Similar to the genomic heterogeneity observed in TNBC, our results reveal metabolic heterogeneity among TNBC subtypes and demonstrate that understanding metabolic profiles and drug responses may prove valuable in targeting TNBC subtypes and identifying therapeutic susceptibilities in TNBC patients. Perturbation of metabolic pathways sensitizes TNBC to inhibition of receptor tyrosine kinases. Such metabolic vulnerabilities offer promise for effective therapeutic targeting for TNBC patients.
在乳腺癌中,三阴性乳腺癌(TNBC)亚型预后最差,没有获批的靶向治疗方法,仅以标准化疗作为全身治疗的基础。癌症进展过程中独特的代谢变化提供了创新的治疗机会。受体酪氨酸激酶(RTK)表皮生长因子受体(EGFR)和MET受体在TNBC中高表达,使其成为有前景的治疗靶点。RTK信号传导通过增加葡萄糖消耗并随后将葡萄糖碳源转移到支持肿瘤发生所需的代谢途径中,深刻改变细胞代谢。因此,TNBC亚型的详细代谢谱及其对酪氨酸激酶抑制剂的反应可能确定治疗敏感性。
我们使用气相色谱 - 质谱法定量分析了代表多种TNBC亚型的TNBC细胞系的代谢谱。

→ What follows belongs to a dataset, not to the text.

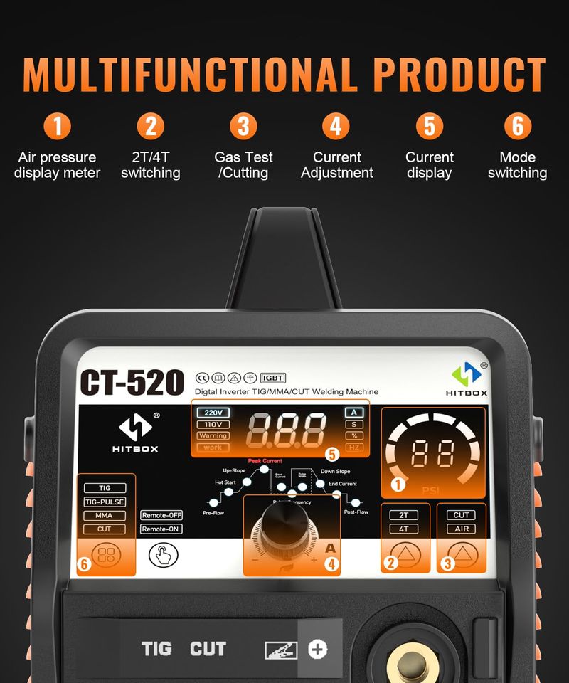 Pantalla digital LED y 2T4T: puedes ajustar el modo de corriente y corte de acuerdo con la pantalla digital LED y leer el valor de presión de aire más fácilmente. El corte por plasma tiene modos de corte semiautomáticos y automáticos, y puede cambiar 2T4T a través de la pantalla de visualización para satisfacer sus necesidades y opciones.

此外,我们对MDA - MB - 231、MDA - MB - 468、Hs578T和HCC70细胞系进行了基础和最大糖酵解及线粒体氧化速率的代谢通量分析。在存在和不存在MET抑制剂INC280/卡马替尼以及EGFR抑制剂厄洛替尼的情况下进行代谢池大小和通量测量。此外,确定了这些细胞对核心代谢途径调节剂的敏感性。此外,我们注释了一个限速代谢酶文库,并与MET或EGFR抑制剂联合进行了siRNA筛选以验证协同效应。
TNBC细胞系模型在基础和最大代谢速率以及对RTK和代谢途径抑制剂的反应方面表现出显著的代谢异质性。对代谢扰动的综合系统生物学分析、联合siRNA和酪氨酸激酶抑制剂筛选确定了一组核心的三羧酸循环和脂肪酸途径,其扰动使TNBC细胞对受体酪氨酸激酶的小分子靶向敏感。
与TNBC中观察到的基因组异质性类似,我们的结果揭示了TNBC亚型之间的代谢异质性,并表明了解代谢谱和药物反应可能在靶向TNBC亚型和确定TNBC患者的治疗易感性方面具有重要价值。代谢途径的扰动使TNBC对受体酪氨酸激酶的抑制敏感。这种代谢脆弱性为TNBC患者的有效治疗靶向提供了希望。